* **WHAT THE TASK REQUIRES**:
Below are the records; give again exactly the lines from the one containing "随后,于苗老师主要从三个方面" through the one containing "A perfect winter", leaving out pictures.

* **EXTRACTED ENTRIES**:
*****

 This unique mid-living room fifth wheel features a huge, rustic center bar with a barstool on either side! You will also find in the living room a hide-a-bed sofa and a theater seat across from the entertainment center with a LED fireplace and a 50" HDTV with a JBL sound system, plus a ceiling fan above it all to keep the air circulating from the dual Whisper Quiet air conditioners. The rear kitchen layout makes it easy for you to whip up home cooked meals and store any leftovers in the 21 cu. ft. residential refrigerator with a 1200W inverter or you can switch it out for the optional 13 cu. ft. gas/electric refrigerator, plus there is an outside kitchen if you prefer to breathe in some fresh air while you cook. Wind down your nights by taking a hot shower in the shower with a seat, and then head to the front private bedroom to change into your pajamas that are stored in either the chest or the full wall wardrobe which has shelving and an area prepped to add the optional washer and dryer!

*****

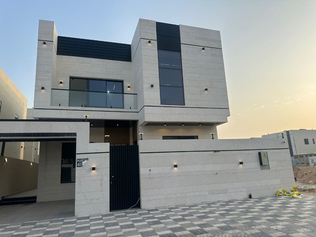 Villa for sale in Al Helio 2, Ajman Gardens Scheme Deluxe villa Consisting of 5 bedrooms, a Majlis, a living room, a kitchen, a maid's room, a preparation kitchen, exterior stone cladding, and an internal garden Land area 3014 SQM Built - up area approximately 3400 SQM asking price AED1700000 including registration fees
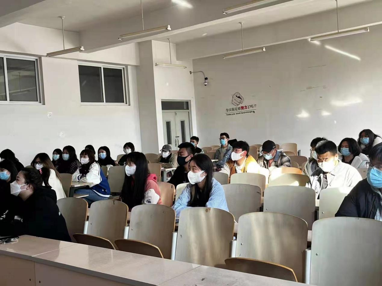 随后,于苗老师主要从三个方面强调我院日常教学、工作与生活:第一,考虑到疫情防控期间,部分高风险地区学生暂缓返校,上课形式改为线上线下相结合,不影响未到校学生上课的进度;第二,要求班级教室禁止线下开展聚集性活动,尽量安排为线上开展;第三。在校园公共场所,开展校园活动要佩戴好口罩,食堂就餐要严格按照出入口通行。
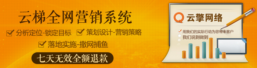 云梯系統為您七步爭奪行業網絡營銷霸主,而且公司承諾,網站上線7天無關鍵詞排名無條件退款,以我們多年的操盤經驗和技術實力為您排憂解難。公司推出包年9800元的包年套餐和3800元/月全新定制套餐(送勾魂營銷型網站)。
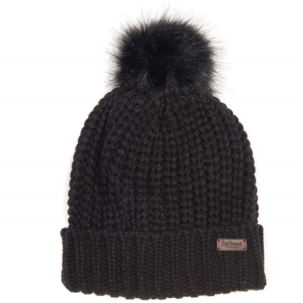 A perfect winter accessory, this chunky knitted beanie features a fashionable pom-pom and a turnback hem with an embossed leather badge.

*****

* **EXERCISE RESULT**:
 随后,于苗老师主要从三个方面强调我院日常教学、工作与生活:第一,考虑到疫情防控期间,部分高风险地区学生暂缓返校,上课形式改为线上线下相结合,不影响未到校学生上课的进度;第二,要求班级教室禁止线下开展聚集性活动,尽量安排为线上开展;第三。在校园公共场所,开展校园活动要佩戴好口罩,食堂就餐要严格按照出入口通行。
 云梯系統為您七步爭奪行業網絡營銷霸主,而且公司承諾,網站上線7天無關鍵詞排名無條件退款,以我們多年的操盤經驗和技術實力為您排憂解難。公司推出包年9800元的包年套餐和3800元/月全新定制套餐(送勾魂營銷型網站)。
 A perfect winter accessory, this chunky knitted beanie features a fashionable pom-pom and a turnback hem with an embossed leather badge.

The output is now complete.